EL VERANO HA VUELTO A FORMENTERA

La isla vuelve a vestirse con los colores del verano. Es el momento en el que la vida tranquila de sus habitantes experimenta la revolución de la llegada de los «turistas».

Hippies y pagesses

Lejos quedan los años 60, cuando la isla fue descubierta por un turismo todavía alternativo y minoritario, pero algunas cosas no han cambiado tanto desde entonces.

Si aquellos primeros visitantes buscaban un paraíso, muchos de los visitantes que ahora llegan a Formentera también buscan su paraíso; la oportunidad de, por unos días o semanas, vivir una vida distinta, conectada con el mar, con la tierra, un retorno a la esencia.

Puede que sólo sea un sueño, pero el sueño sigue ahí.

LA ISLA ENTRE LA TRADICIÓN Y LA MODERNIDAD

Ball de pagés

El empeño de Formentera, probablemente su gran reto para este siglo XXI, sea no perder su «esencia». Conservar su personalidad conservando sus tradiciones y, al mismo tiempo, no perder de vista la modernidad, el presente, y ofrecer las ventajas del mundo de hoy a sus residentes, por supuesto, pero también a estos turistas que son el motor económico de la isla.

Este 2019 se ha presentado con algunas incertidumbres. El «brexit», por ejemplo, todavía no se sabe cómo va a repercutir en las costumbres de los ingleses a la hora de elegir sus destinos vacacionales, amén de la oferta abundante y, en algún caso, más económica de otros destinos mediterráneos. Pero Formentera sigue siendo el destino favorito de visitantes nuevos y, sobretodo, de quienes son fieles, año tras año, a su cita con la isla.

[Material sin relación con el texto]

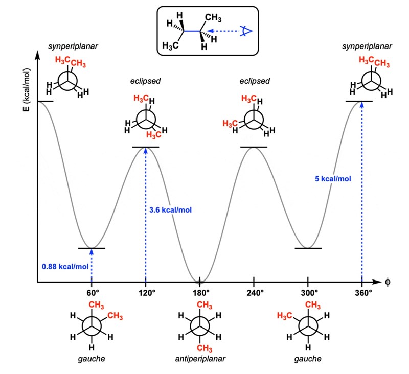 Bilden nedan illustrerar konformationens energin i förhållande till rotationsvinkeln - och där blir det nog tydligare att samtliga lokala energi minima/maxima nås redan inom en halv rotation.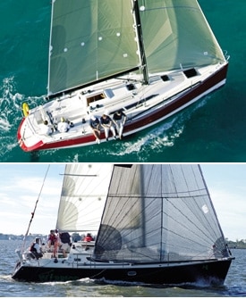 Some people make no distinction between cruiser/racer and racer/cruiser. It’s a matter of semantics to them. A dual-purpose boat is a dual-purpose boat. But we’ve always found that some such boats do have a dominant race personality and some have a more cruising nature. When we saw the C&C 115, we were confident it would live up to its racer/cruiser label and the Jeanneau Sun Fast 35, likewise, a cruiser/racer. But while reviewing the boats, we decided to dig into the details of each and see if we could confirm our first impressions. Racer/Cruiser, the C&C 115 Consider the basic specifications of the new C&C 115. The hull is made of E-glass and epoxy with CoreCell core, and reinforced with carbon fiber in high-load, high-stress areas. The vinylester and e-glass deck is cored with Baltek AL 600, and the mast is a 59’9″ carbon fiber, two-spreader design that carries a near-masthead kite and a 110-percent genoa and weighs one-half of what a comparable metal rig would. The rudder is a high-aspect ratio blade, and a lead bulb sits at the bottom of a deep keel. The transom is open and the deck layout is race-ready. While the boat comes standard with discontinuous rod rigging, jacketed PBO standing rigging is available as an option, which adds surprisingly little to the all-up price. Ten years ago, you would have paid top dollar for such a boat, you’d have had to wait six months for a custom builder to build it, you wouldn’t have been able to afford the carbon rig and you couldn’t even buy the PBO shrouds. Lucky for us, C&C is offering the 115 as a production racer/cruiser that anyone with the cash can step up and buy. It’s clear that Tim Jackett, designer and COO of builder Fairport Yachts, has spent a lot of time on raceboats observing how crews get around a racecourse. The result is a well laid-out boat that’s in line with racing ergonomics. Let’s start with the 115’s toerails, which end just aft of the shrouds, look like they actually deflect water, and seem like they’d be great toeholds during breezy takedowns. Best of all, they won’t dig into the underside of your thighs when you’re hiking. Two Lewmar hatches also grace the bow, the forward most and largest (24″ x 24″) is sized perfectly for spinnaker douses. The side decks are roomy, a result of the 11’11” beam and the fact that the chainplates and jib tracks are tucked in close to the deckhouse. The cockpit is large enough for evolutions such as spinnaker jibes with a full crew. The main trimmer and driver positions are as well placed as anything you’ll see on a custom offshore racer. The C&C 115’s halyards, spinnaker pole controls, and reefing lines all lead from double-stacked organizers at the mast back to Spinlock jammers arranged on either side of the companionway. The companionway is snug enough to keep you safe when big seas are running and large enough to fit a pitman and his octopus act. The Harken winches also seemed to be placed perfectly for every maneuver that you’d see on a racecourse. We sailed the 115 on an atypical Annapolis day; it was blowing 16- to 22-knots, and there was a decent-sized chop on the brown waters of the Chesapeake thanks to some heavy rains the week before. Backing out from a tight raft-up on the Eastport side of the Severn we had an early indication of how well the 115 backs down and how maneuverable the boat is under power, even in awkward situations. We set a full main and a heavy No. 1, both built by Doyle, and started reaching past the Spider buoy to get a clear runway for some upwind sailing. The 37-foot 115 handled extremely well in the big puffs that might’ve spun out many other boats. The rudder is balanced, and while it kept us from cavitating, and allowed us to turn down even without mainsheet ease, we heard some groans and felt some stiffness from bearings that felt as if they weren’t up to the task. Jackett explained the problems: This was the prototype 115 and a custom stainless steel sleeve that was supposed to fit over the carbon rudderpost came from the manufacturer looking more oval than round, plus the bearings they’d used are slated for an upgrade in the production series. Despite these issues, once we were able to get in a groove, the boat steered like a dream with only slight corrections by the helmsman. We averaged between 7.5 to 8 knots upwind, depending upon the wind strength. Once the symmetric spinnaker went up, we started to fly. We saw speeds of up to 10.2 knots and never felt on the edge. In fact, when we had to steer deep to settle a wrap, it was easy to sail max deep and not feel as if we were going to clean everyone out with an accidental jibe. There were only three of us aboard for the test sail, but Jackett thinks a crew of eight will be the call for race days. The 115 we sailed is Hull No. 1, a prototype of the production model, especially as far as the interior is concerned. The interior was part mock-up, made of like-sized C&C interiors, so it was hard to get a feel for how roomy the interior is going to be. We’re told that the 115’s interior is based on what owners of the C&C 110, a seven-year-old model, and the three-year-old C&C 99 told C&C they wanted in future designs. Suggestions included a larger galley, a nav station that faces forward, and an aft berth placed across the boat rather than fore-and-aft. We saw 110-volt electrical sockets everywhere, grab handles, and a high level of fit and finish, especially for a prototype. The price of a C&C 115 ready to sail, with $35, 435 worth of race options, such as Raymarine ST60 instruments, a Horizon VHF with a remote access microphone/speaker in the cockpit, PBO shrouds, carbon spinnaker pole, two Harken winches for spinnaker handling, and high-tech race sails, is $204, 935. We feel that the 115 will be a player on any racecourse and with all these goodies, deserves the label racer/cruiser. But when you see a 115 this summer or at a boat show this fall, you may d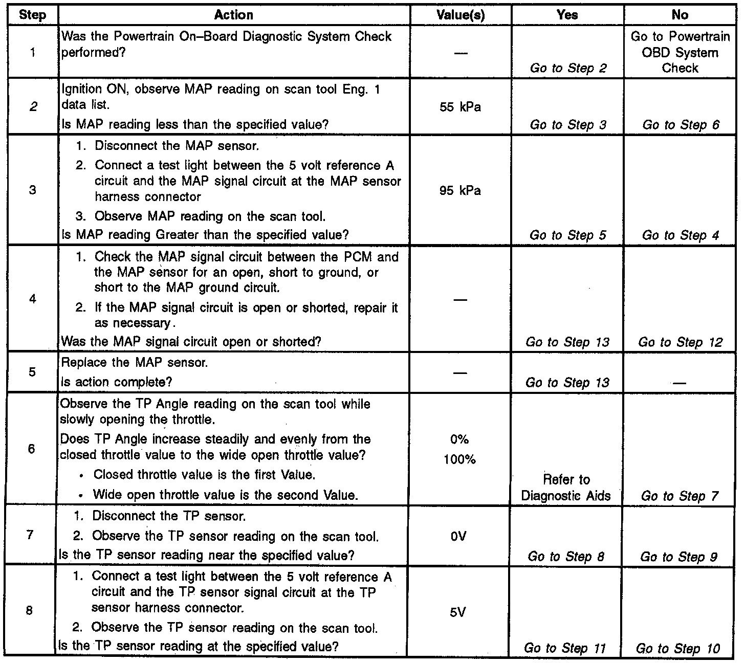 ^ Skewed MAP signal or faulty MAP sensor. An incorrect MAP signal may cause the PCM to incorrectly calculate the predicted TP sensor value during high engine load situations. Check for an unusually low MAP reading. This condition can cause DTC P0121 to be set.

FORMENTERA, SOBRETODO, EL AMOR AL MAR

Más allá de hábitos o tendencias, más allá de los avatares económicos, Formentera representa, sobretodo, el amor al mar.

La isla tiene su razón de ser en ese Mediterráneo al que se asoman sus playas y calas, que iluminan sus faros, con sus aguas únicas gracias a la Posidonia, esa pradera subacuática que, con creciente celo, se quiere y debe proteger. Porque la masificación tiene sus peligros: demasiada gente, demasiados barcos…, a menos que unos y otros sepan actuar con el respeto que la Naturaleza merece.

El amor a un lugar significa respetarlo, cuidarlo, disfrutarlo desde el placer de descubrir sus tesoros

Así, pues, ¡¡¡bienvenido verano!!!!, ¡¡¡bienvenidos a Formentera!!!!.